We often overestimate the safety and our own homes.
Take a quick look around your house (if you’re home right now). If you’re not home, wait until you return home this evening and take a look. What does your bathroom look like? Are the lights replaced that had blown out? Are there any non-slip mats on the floor? Keep in mind that when water gets on ceramic or linoleum tile, it can be just as slick as ice.
What about the shower or bath tub? Are there grab bars? Do you have a shower seat? If not, what happens if your mother slips, is not feeling very strong, and still needs to take a shower? Are you going to be able to help her? Would she even ask you for assistance or will it simply be too uncomfortable for her to “go there?”
What if she has to get up in the middle of the night?
A person who is in an unfamiliar environment could be at serious risk of injuries sustained from tripping over something they didn’t expect to be there.
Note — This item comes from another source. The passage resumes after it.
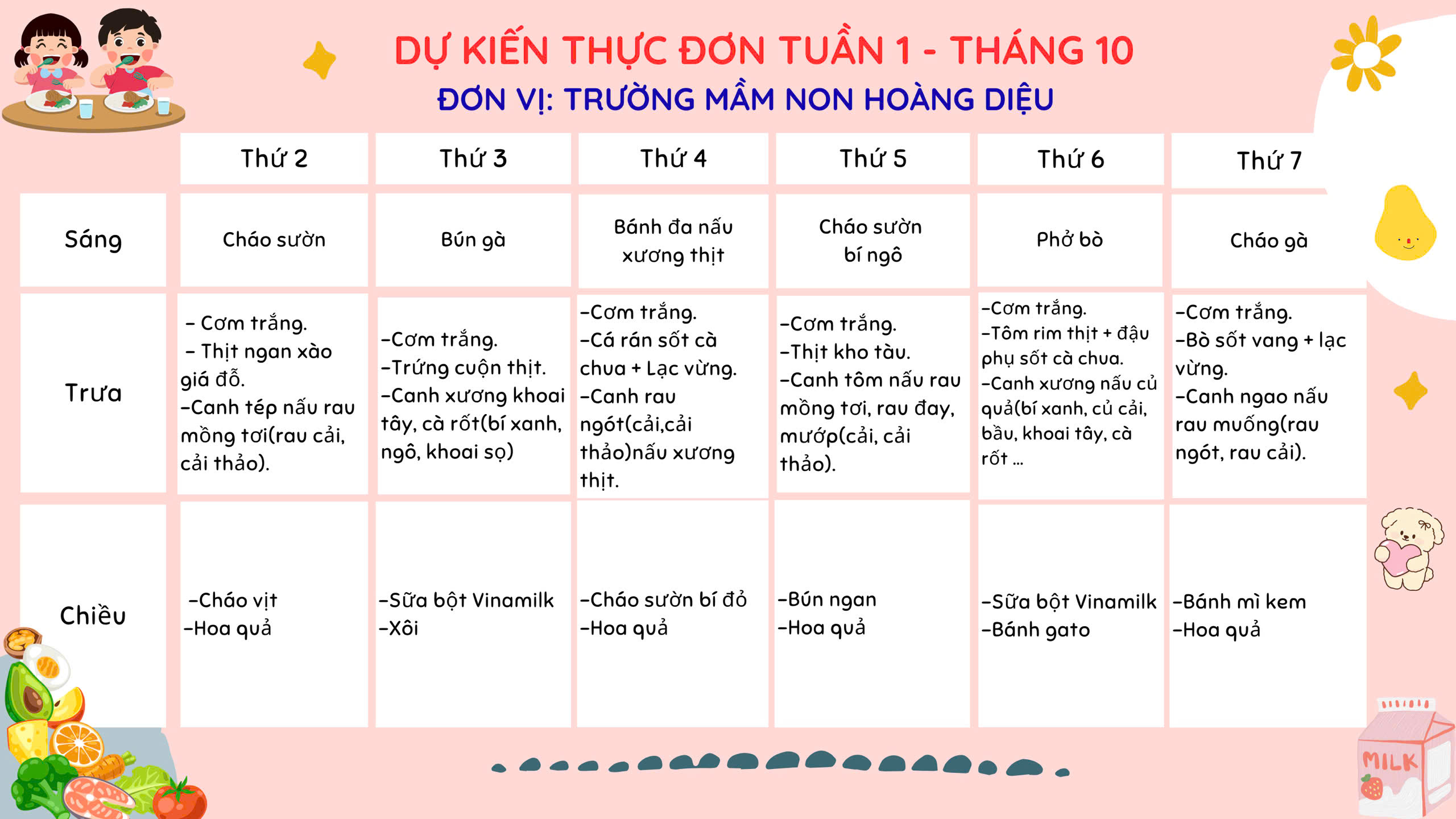 Nguyên tắc xây dựng thực đơn cho trẻ mầm non

Sure, you can have night lights, keep some lamps on in various rooms in the house, but for a while this is going to be an unfamiliar environment for your mother and that can pose its own set of hazards.
Are you going to be there every minute she needs help?
The vast majority of family caregivers, even if they have their aging parent move in with them, are working. You may have a career, a couple of part-time jobs, and other responsibilities that take you out of the house. When you’re gone, who is going to be there to support your mother?
It’s easy to simply assume she’s going to be fine, but if there is a serious and legitimate reason for you to be concerned about her safety in her own house, none of that changes just because she moves in with you.
The best option is always to rely on experienced and dedicated home care aides. Even if your mother moves in with you (which can be a wonderful situation for everyone involved), relying on home care support for a couple of hours one or two days a week to start can provide a boost and safety, companionship, and comfort.